T1/2α	h	46.27	0.15	11.66	11.88
T1/2β	h	46.33	0.39	23.27	15.63
Tmax	h	0.50	1.00	0.50	2.00
Cmax	ng/mL	105.39	12.59	8.65	2.74
AUC(0-24)	ng/mL*h	269.61	4.99	34.69	7.95
AUC(0-∞)	ng/mL*h	403.94	5.96	45.65	13.29

TABLE 4
TX07 PK parameters (Active metabolite of X842)

		X842 spray	X842 spray		X842 hot melt
		drying ASD	drying excipient		extruded SD
		(Composition 1)	physical mixture	X842	(Composition 2)
Parameters	Unit	tablet	tablet	capsules	tablet

T1/2α	h	1.47	1.38	1.47	2.11
T1/2β	h	19.81	37.63	19.50	37.04
Tmax	h	2.00	2.00	2.00	4.00
Cmax	ng/mL	494.50	143.97	117.45	49.17
AUC(0-24)	ng/mL*h	2422.70	900.72	745.29	342.42
AUC(0-∞)	ng/mL*h	2512.56	940.62	777.33	356.87

According to the prototype drug X842 measurement results as shown in Table 3, the AUC (0-24 h) for the X842 spray drying ASD (Composition 1) tablet group is maximum at 269.61 ng/mL*h; the X842 capsule group is at 34.69/mL*h; the X842 hot melt extruded SD (Composition 2) tablet group is 7.95 ng/ml*h; the X842 spray drying excipient physical mixture tablet group is the smallest at 4.99 ng/mL*h; the X842 spray drying ASD (Composition 1) tablet group is 7.77, 33.91 and 54.03 times of the other three groups respectively.

According to the analysis results for active metabolite TX07 as shown in Table 4: the AUC (0-24 h) for the X842 spray drying ASD (Composition 1) tablet group is the largest at 2422.70 ng/ml*h; the X842 spray drying excipient physical mixture tablet group is 900.72 g/mL*h; the X842 capsule group is 745.29 ng/ml*h; the X842 hot melt extruded SD (Composition 2) tablet group is minimum at 342.42 ng/ml*h; the X842 spray drying ASD (Composition 1) tablet group is 2.39, 3.25 and 7.08 times of the other three groups respectively.
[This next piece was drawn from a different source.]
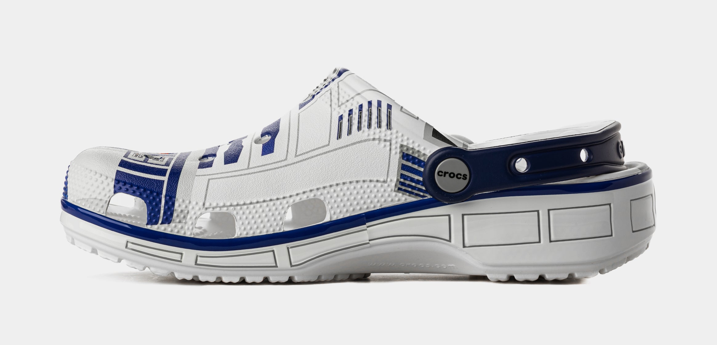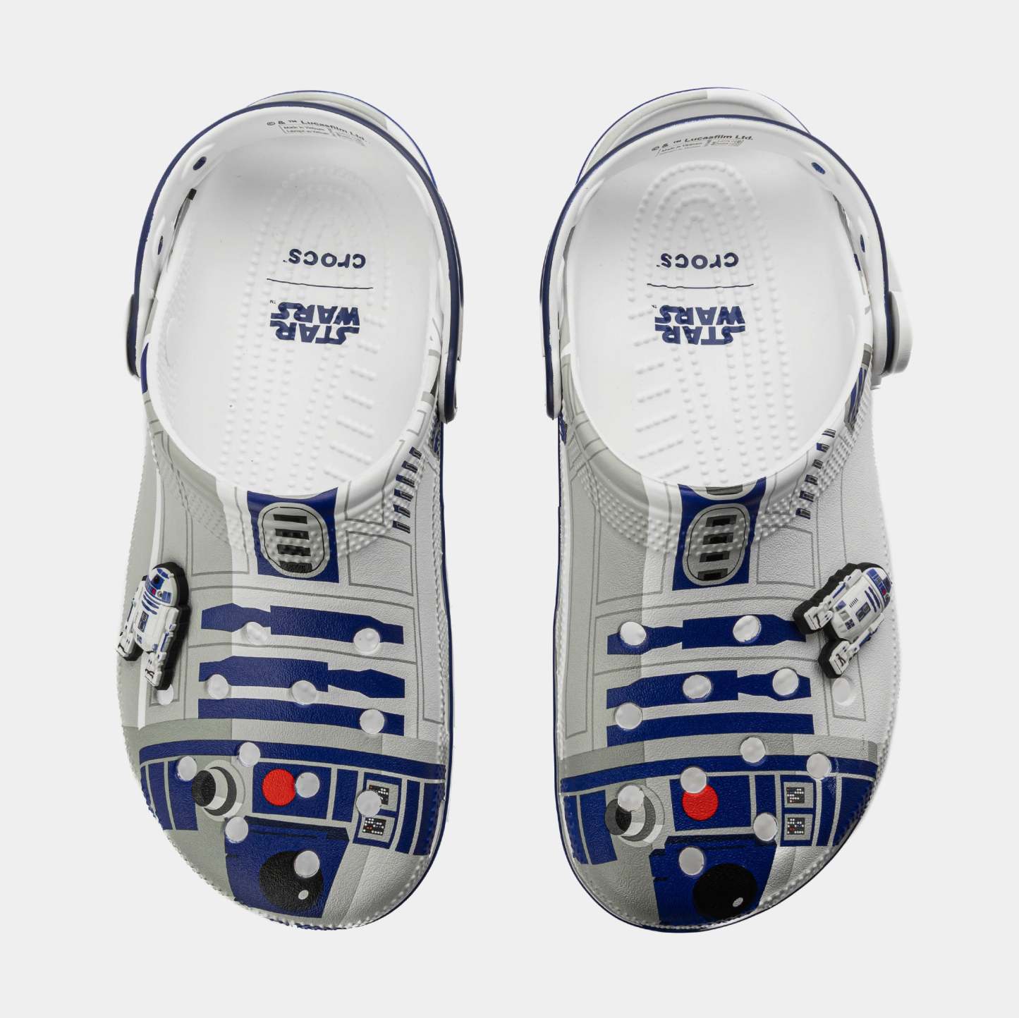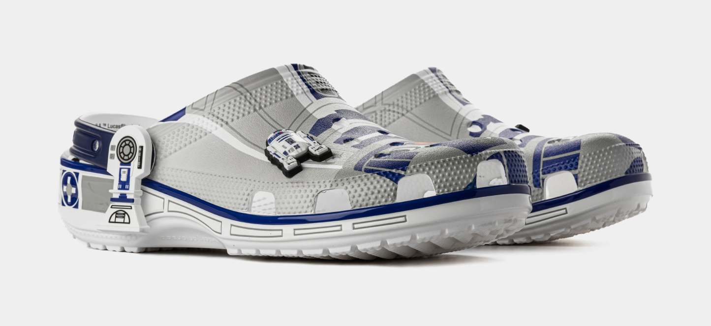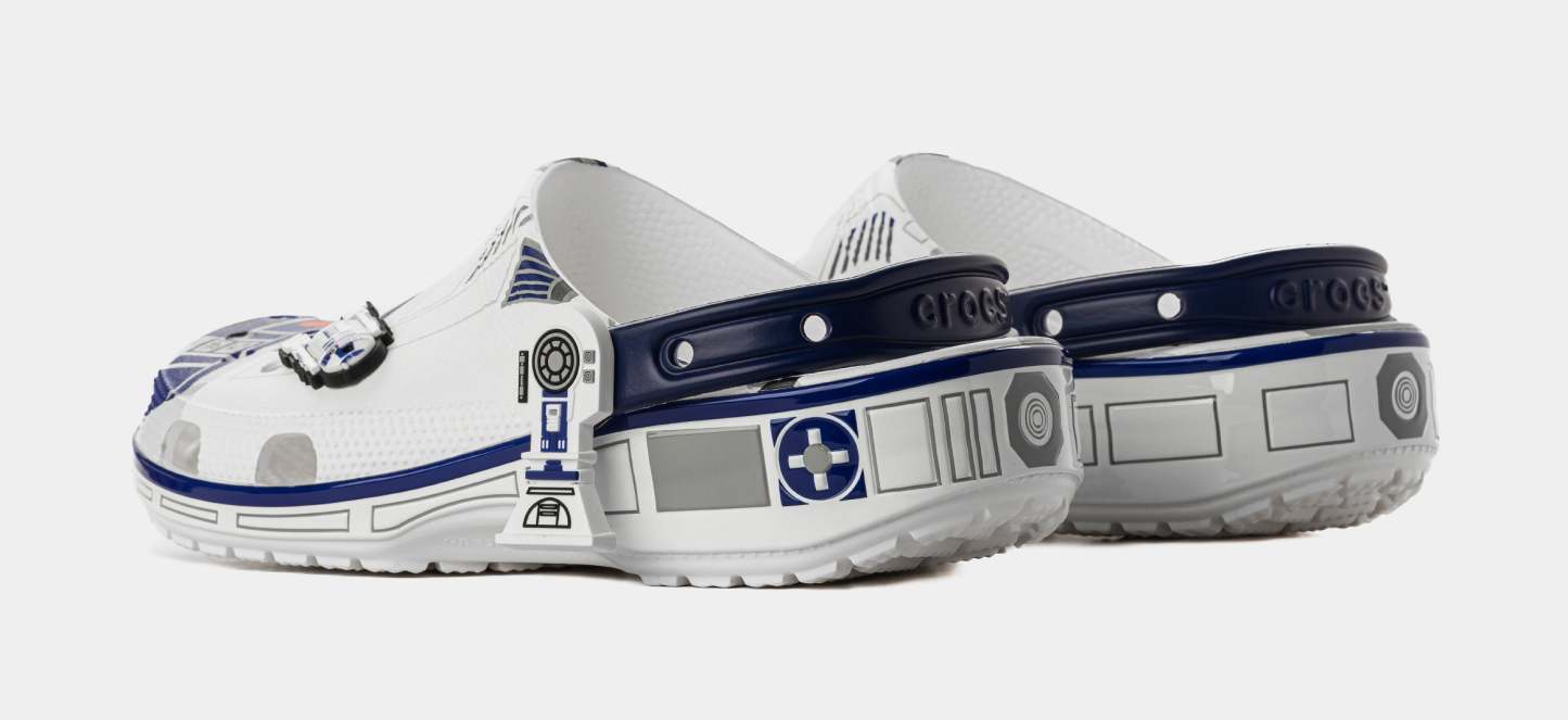 The heroic droid from the epic STAR WARS™ saga inspired this comfortable R2-D2 Classic Clog. This limited-edition design features printed droid details across the upper that embodies all the charm of R2-D2, with pivoting legs near each heel cup to complete this character-turned-clog design. This style is paired with two R2-D2 Jibbitz™ charms and plenty of space for more personalization to show off your STAR WARS™ fandom.

The above results show that of both X842 and the active metabolite TX07 are measured at much higher concentrations for the X842 spray drying ASD group, indicating that the bioavailability thereof is significantly improved compared with the other groups.

The blood concentration of the X842 solid dispersion (spray drying method) tablet of the present invention is higher than the X842 capsule in the body of beagle dog, proving that the X842 amorphous solid dispersion in the present invention can better maintain supersaturated concentration of X842 in the stomach and the intestinal tract, thereby increasing its oral bioavailability.

Each technical characteristic of the above-mentioned examples can be combined arbitrarily, for making description succinct, all possible combinations of each technical characteristic in the above-mentioned example are not all described, yet, as long as the combination of these technical characteristics does not results in a contradiction, all should be deemed to be within the scope of this invention.

The above-mentioned examples have only expressed several implementation modes of the present invention, and its description is comparatively specific and detailed, but can not therefore be interpreted as the restriction to invention patent scope. It should be pointed out that those skilled in the art can make several modifications and improvements without departing from the concept of the present invention, and these all belong to the protection scope of the present invention. Therefore, the protection scope of the patent for the present invention should be based on the appended claims.